Liwen Sang, independent scientist at International Center for Materials Nanoarchitectonics, National Institute for Materials Science (also JST PRESTO researcher) developed a MEMS resonator that stably operates even under high temperatures by regulating the strain caused by the heat from gallium nitride (GaN).

High-precision synchronization is required for the fifth generation mobile communication system (5G) with a high speed and large capacity. To that end, a high-performance frequency reference oscillator which can balance the temporal stability and temporal resolution is necessary as a timing device to generate signals on a fixed cycle. The conventional quartz resonator as the oscillator has the poor integration capability and its application is limited. Although a micro-electromechanical system (MEMS) (*1) resonator can achieve a high temporal resolution with small phase noise and superior integration capability, the silicon (Si)-based MEMS suffers from a bad stability at higher temperatures.

In the present study, a high-quality GaN epitaxial film was fabricated on a Si substrate using metal organic chemical vapor deposition (MOCVD)(*2) to fabricate the GaN resonator. The strain engineering was proposed to improve the temporal performance. The strain was achieved through utilizing the lattice mismatch and thermal mismatch between GaN and Si substrate. Therefore, GaN was directly grown on Si without any strain-removal layer. By optimizing the temperature decrease method during MOCVD growth, there was no crack observed on GaN and its crystalline quality is comparable to that obtained by the conventional method of using a superlattice strain-removal layer.

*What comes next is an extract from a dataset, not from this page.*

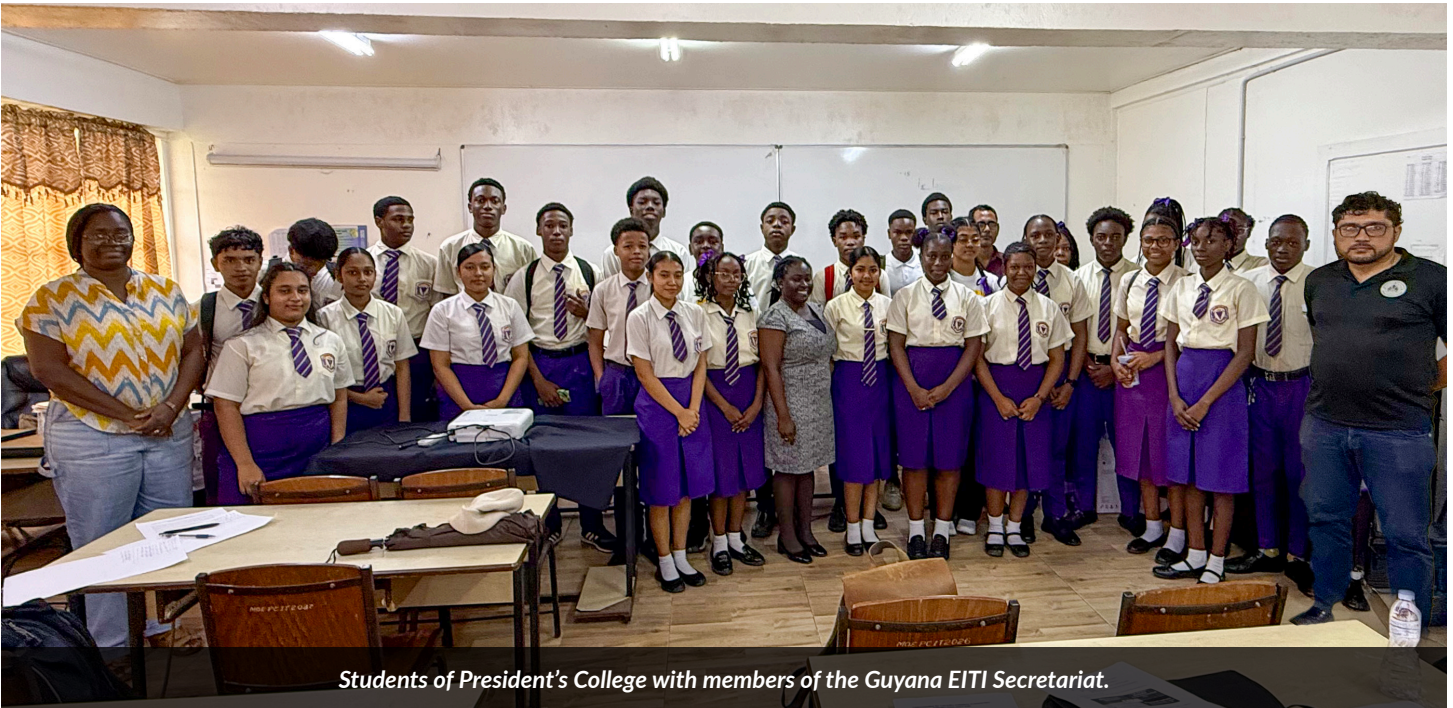
Students of President's College with members of the Guyana EITI Secretariat.

As part of the communications and outreach efforts outlined in its work plan, the Guyana EITI Secretariat held a series of student engagement sessions across several secondary schools in Georgetown.

The developed GaN-based MEMS resonator was verified to operate stably even at 600K. It showed a high temporal resolution and good temporal stability with little frequency shift when the temperature was increased. This is because the internal thermal strain compensated the frequency shift and reduce the energy dissipation. Since the device is small, highly sensitive and can be integrated with CMOS technology, it is promising for the application to 5G communication, IoT timing device, on-vehicle applications, and advanced driver assistance system.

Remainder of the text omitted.